まずはバージョンアップまでに行ったことの概要を下記にまとめました。

  1. リリースノートとアップグレードガイドを読んで影響を確認
  2. Gemfileのrailsのversionを5.2.0に変更してbundle update
  3. rails app:updateで設定周りを更新
  4. テストを実行し、失敗したor警告が発生した箇所を修正
  5. 社内の検証環境にデプロイして、動作確認
  6. 本番デプロイ
  7. 振り返り会

それぞれについて、実際にやったことを紹介いたします🙇

リリースノートとアップグレードガイドを読んで影響を確認

まずはRails5.2の変更点を知るためにRailsGuideのアップグレードガイドとリリースノートを読みました👀 (私は英語があまり得意ではないので、日本語版もあって非常に助かりました・・・!)

アップグレードガイド

リリースノート

Gemfileのrailsのversionを5.2.0に変更してbundle update

月に1回bundle updateを行っていて、比較的依存Gemのバージョンが上がっている、またマイナーバージョンのアップデートということで影響も少なそうだったので、bundle updateで依存Gemを含めて、アップグレードを行いました。

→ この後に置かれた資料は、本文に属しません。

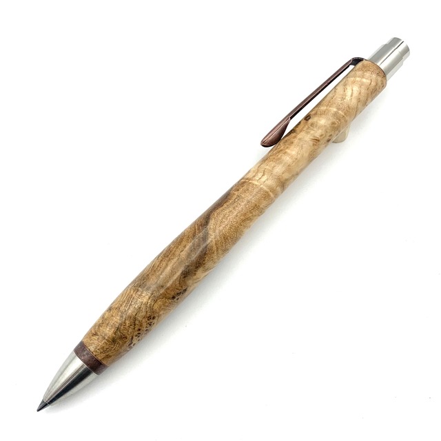 ボールペンのノックシステムは、ドイツ最高のクリックメカニズムを採用してあります。このメカニズムはユニークな機構のため、クリックしたときのカチカチ音が静かで、どんな場所でも気兼ねなく使うことができます。滑らかに動くこのプッシュ感覚を一度味わうと他には戻れなくなってしまうほどの魅力があります。 100分の1単位の加工精度で削り出されたペン先は、軸ブレも全くありません。

※月1回のbundle updateの施策については、こちらから👀

speakerdeck.com

rails app:updateで設定周りを更新

次にrails app:updateをとりあえず全てyesで実施して、危なそうな部分を戻す対応を行いました。影響が大きそうだった差分だけ下記に記載しておきます👀

  • bin/railsbin/rakeでspringをロードしないような変更が入っていたので反映しませんでした。
  • active_storagetest_unit関連の設定ファイル追加及び既存ファイルへの更新は、使用していないので反映しませんでした。
  • config/application.rbconfig.load_defaults5.2に変更しました。
  • bootsnapは開発環境のみで動くようにし、本番での使用は一旦様子見しました。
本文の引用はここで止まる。